OBJECTIVE: This study aimed to evaluate kidney function in a group of patients with AF who received aspirin compared with a group that received warfarin.
METHODS: This retrospective study examined 360 AF patients treated at Phrapokklao Hospital, who were divided into 2 groups comprising 1 group of 24 patients who received aspirin and another group of 336 patients who received warfarin. To assess the renal function of the patients during a 1-year period of receiving the drug, the glomerular filtration rate (GFR) utilizing the dependent t-test and independent t-test were used, while various factors were analyzed using logistic regression.

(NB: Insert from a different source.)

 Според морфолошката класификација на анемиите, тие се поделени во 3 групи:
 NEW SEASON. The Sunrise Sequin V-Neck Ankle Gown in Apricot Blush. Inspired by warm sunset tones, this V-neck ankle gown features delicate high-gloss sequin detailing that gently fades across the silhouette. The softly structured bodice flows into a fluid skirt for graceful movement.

RESULTS: In a 1-year period, the mean GFR of the patients in the warfarin group increased by 3.9 ml/min/1.73m² (95%CI 2.87-4.96) compared to the aspirin group, which decreased by 8.0 ml/min/1.73m² (95%CI (-10.30)-(-5.72)). The percentage change in GFR of the warfarin group increased by 11.9% (95%CI 7.98-15.87) more than the aspirin group (p<0.001). When using logistic regression for univariate analysis and multivariate analysis, it was found that the aspirin group had a 10% chance of a decrease in GFR compared to patients receiving warfarin with a crude odds ratio=14.33, p<0.001, 95%CI 5.84-35.16 and adjusted odds ratio=149.9, p=0.003, 95%CI 5.70-3,940.05.
CONCLUSION: In a 1-year period, AF patients who received aspirin were 10 percent or more likely to experience deterioration in kidney function compared with patients who received warfarin.